Видал я уже раньше такие медные штуковины в форме варяжского щита. На этой абсолютно всё то же самое, что и на других: саламандра, застывшая в замысловатой позе, пятиконечная звезда с искривлёнными лучами и восьмизначный личный номер, начинающийся по древней традиции с трёх стилизованных под поросячьи хвостики шестёрок. Такую бляху в лавке для готов не купишь, такую заслужить нужно. И, прежде всего, нужно стать действующим агентом карагота — тайной службы ордена усмирителей Великого круга пятиконечного трона.
Правда открылась мне во всей своей полноте и, надо признать, здорово озадачила.
— Так ты, милая моя, агент Чёрного совета? — промямлил я одеревеневшим голосом. — И здесь по долгу службу?
— Так точно, дракон, — с достоинством ответила Варвара. — По долгу службы.
— Ну и зачем?
— Что «зачем»?
— Зачем в который раз меня спасешь?
Варвара, ловко запрыгнув на капот, уселась рядом со мной, затянулась и выпустила облачко дыма, которое тут же превратила в ночного мотылька. Мотылёк подёргался на месте, а потом, яростно замахав крыльями, устремился на красный свет семафора. Ведьма проводила фантомную пустышку насмешливым взглядом и наконец ответила:
— Приказ имею, вот и спасаю.
— Какой ещё приказ?
— Обыкновенный. Во что бы то ни стало обеспечить безопасность дракона Вуанга-Ашгарра-Хонгля.
— И кто тебе такое приказал?
Прежде чем ответить, ведьма вновь затянулась, отпустила на волю ещё одного мотылька, теперь размером побольше, после чего пожала плечами:
— А тебе не всё равно?
— Знаешь, как-то нет, — ответил я.
Она скосилась на меня удивлённо:
— Чудно. Обычно объекты защиты в суть происходящего предпочитают не вдаваться.
— Я не объект.
— Ах, вот как. — По лицу ведьмы скользнула секундная усмешка. — Тогда отвечу. Прикрыть золотого дракона, обитающего в городе Городе, приказал мне лично Жан Калишер. — Она сбила пепел с кончика сигареты, глянула не меня, пытаясь понять, какую реакцию произвели новость, не поняла ничего и толкнула плечом в плечо: — Ну что, дракон, жим-жим чуток?
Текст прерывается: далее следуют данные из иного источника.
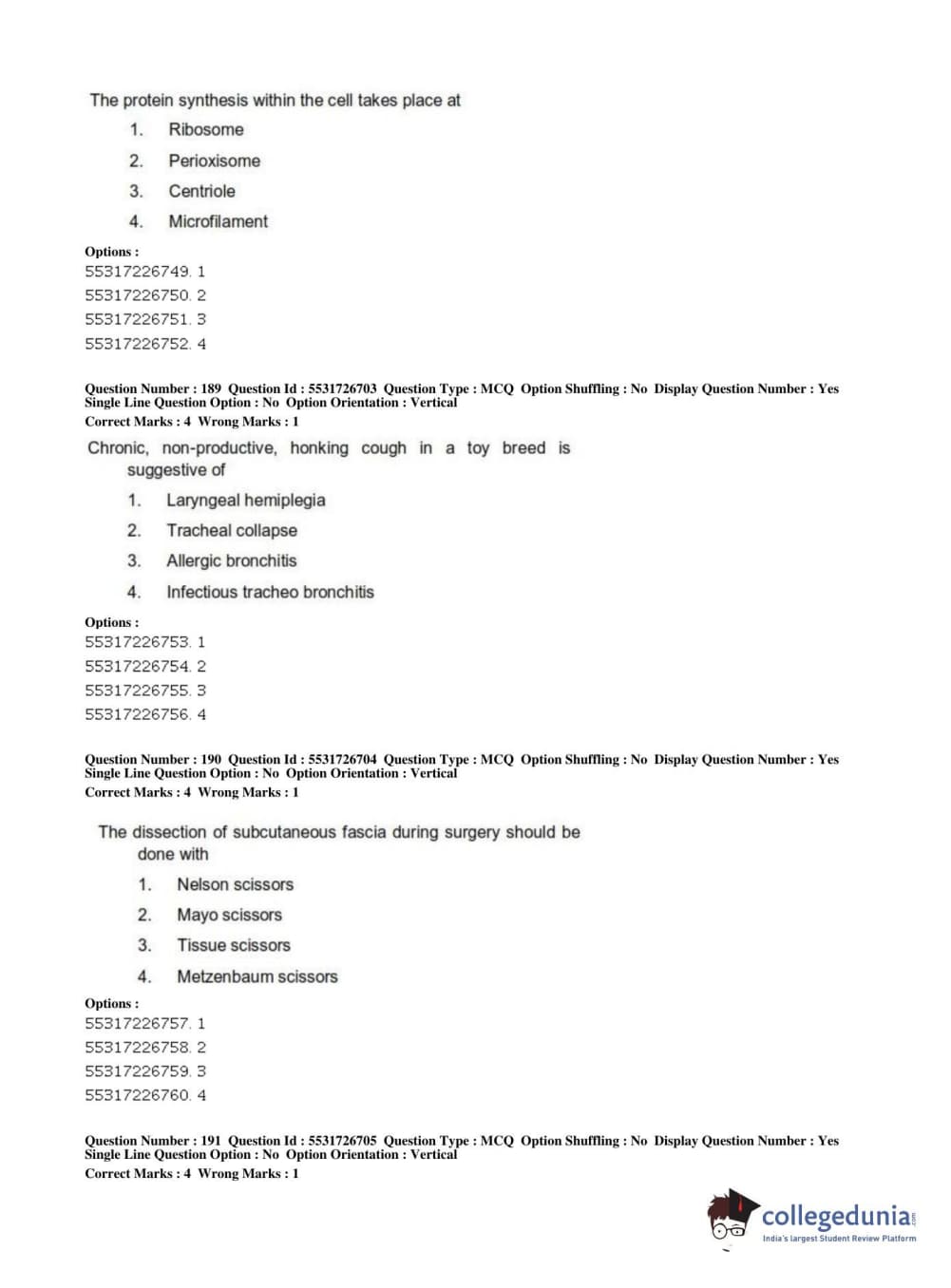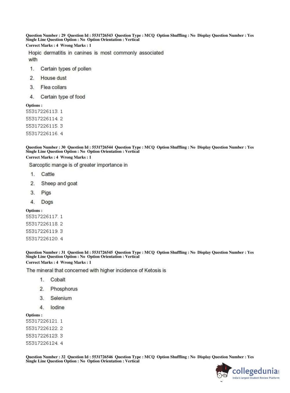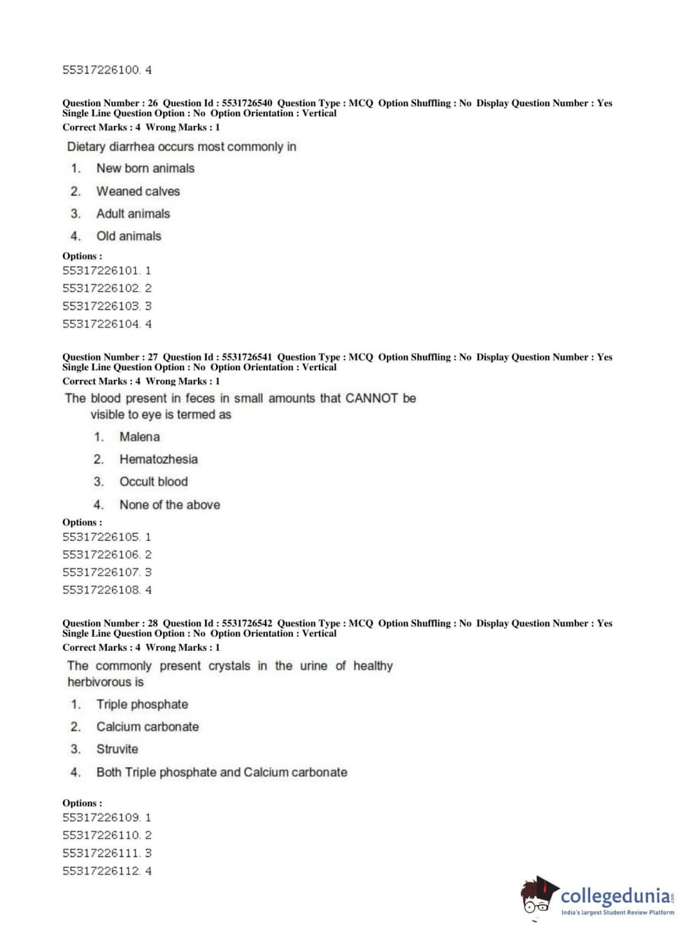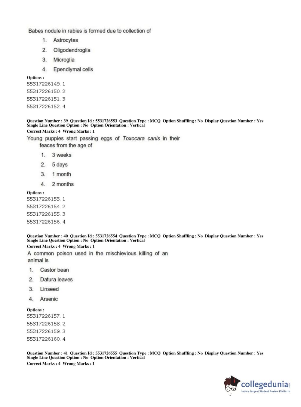 ICAR AIEEA 2019 JRF - VETERINARY AND ANIMAL SCIENCES III Question paper with answer key pdf conducted on July 1, 2019 in Afternoon Session is available for download. The exam was successfully organized by National Testing Agency (NTA). The question paper comprised a total of 200 questions.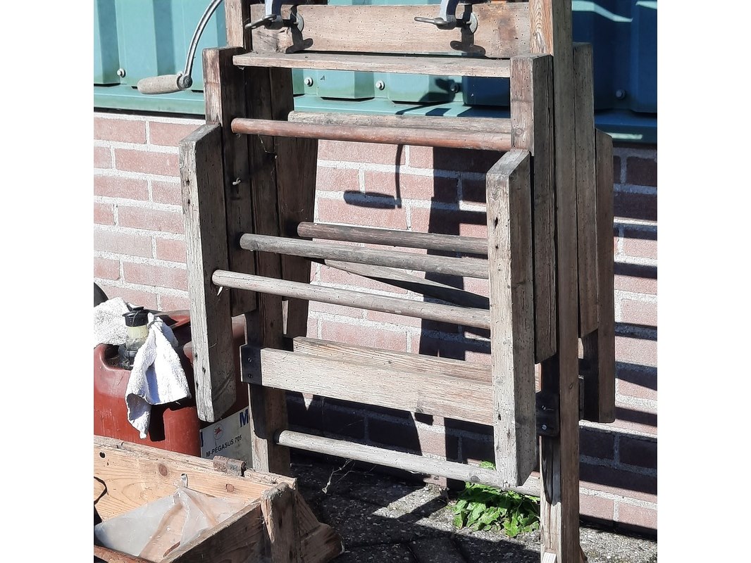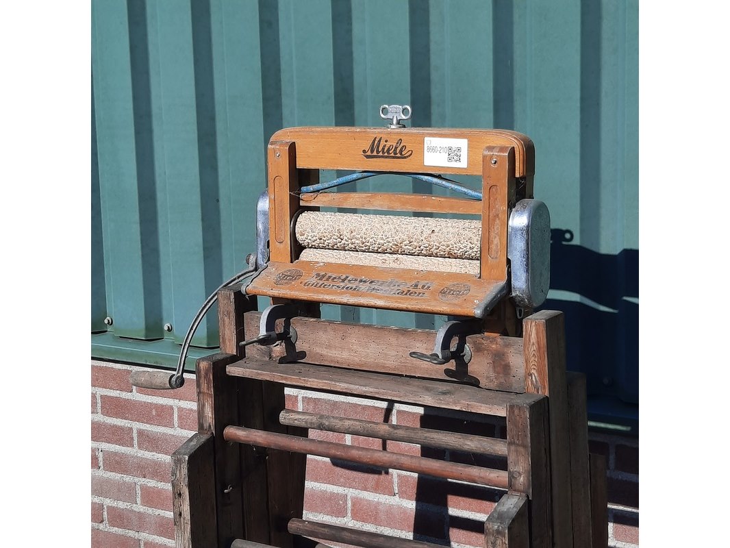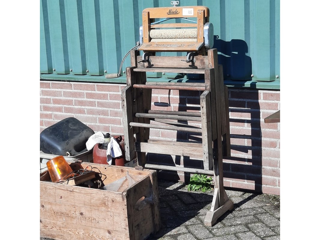 Product: Nostalgische handwringer Afmeting: afm. ca 130x58x61cm Specificaties: incl. diversen

Нет, я не испугался, лишь почувствовал: всё, кончилось искусство, задышали почва и судьба. И как только это почувствовал, ненадолго онемел. А когда вновь обрёл дар речи, спросил о том, о чём и должен был в первую очередь спросить:
— Скажи, подруга, а чего это вдруг претёмный меня так полюбил?
— Не лей пули, дракон, — вновь толкнула она меня плечом в плечо: — Сам знаешь, что дело не в тебе.
— Вот как. А нельзя ли с этого места поподробнее? Если не во мне, тогда, простите, в ком?
— Ни в ком, а в чём. В ней самой, в Вещи Без Названия.
Во мне всё сразу поднялось волной:
— Что? Что ты сказала?
— Глухой? — ухмыльнулась ведьма невесело.
И волна тут же отхлынула.
— Выходит, ты знаешь Тайну, — не столько спросил, сколько констатировал я после долгой паузы.
— К сожалению да, — вздохнула Варвара. — Теперь я часть мобильной обороны.
— А почему нет никого от Светлых? Проспали атаку?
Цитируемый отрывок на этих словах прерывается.